Subsequent authors added many additional species of corticioid fungi with septate basidia to the genus. Most, however, proved unrelated to Sebacina. In 1957 Ervin referred some Sebacina species to Heterochaetella, Bourdotia, and Exidiopsis. In 1961, Wells transferred all Sebacina species having clamp connections on their hyphae to the genus Exidiopsis, retaining Sebacina for the minority of species lacking clamp connections.

===Current status===
Molecular research, based on cladistic analysis of DNA sequences, has shown that Sebacina as previously understood includes the genus Tremellodendron (established for a group of species with coral-like basidiocarps), but does not include some species that are not closely related to the type. These latter species have been placed in the genera Helvellosebacina and Paulisebacina.

==Description==
Fruit bodies are typically cartilaginous or rubbery-gelatinous. In effused species (those that spread out loosely or flat), they are formed on the soil surface or in leaf litter, often encrusting fallen twigs and debris, sometimes encrusting the stem bases of living plants. In the type species, irregular or coral-like outgrowths may also be produced. In some species, fruit bodies are entirely coral- or net-like. Spores are white in mass.

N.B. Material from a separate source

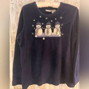Excellent condition retro fleece sweatshirt from White Stag. Size medium. Three snowmen with bells on their scarves that ring as you move.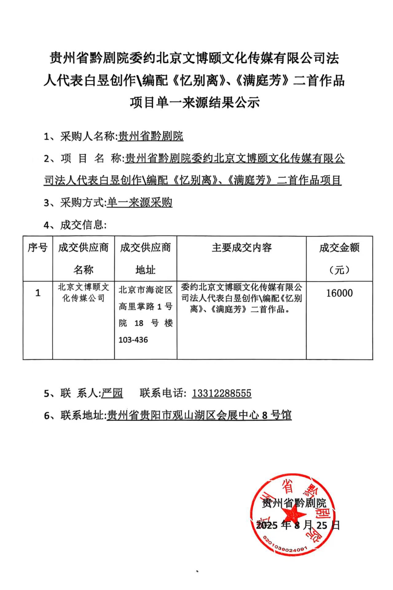 貴州省黔劇院委約北京文博頤文化傳媒有限公司法人代表白昱創作\編配《憶別離》《滿庭芳》二首作品項目單一來源結果公示

===Microscopic characters===
Fruit bodies are composed of hyphae lacking clamp connections in a gelatinous matrix. In several species the hyphal system is dimitic. The spore-bearing surface is initially covered in a layer of weakly branched hyphidia below which the basidia are formed. The basidia are tremelloid (ellipsoid and vertically septate), giving rise to long, sinuous sterigmata or epibasidia on which the basidiospores are produced. These spores are typically ellipsoid to oblong.

==Ecology==
Sebacina species were assumed to be saprotrophic until DNA analysis of mycorrhizal roots showed that they were ectomycorrhizal plant associates.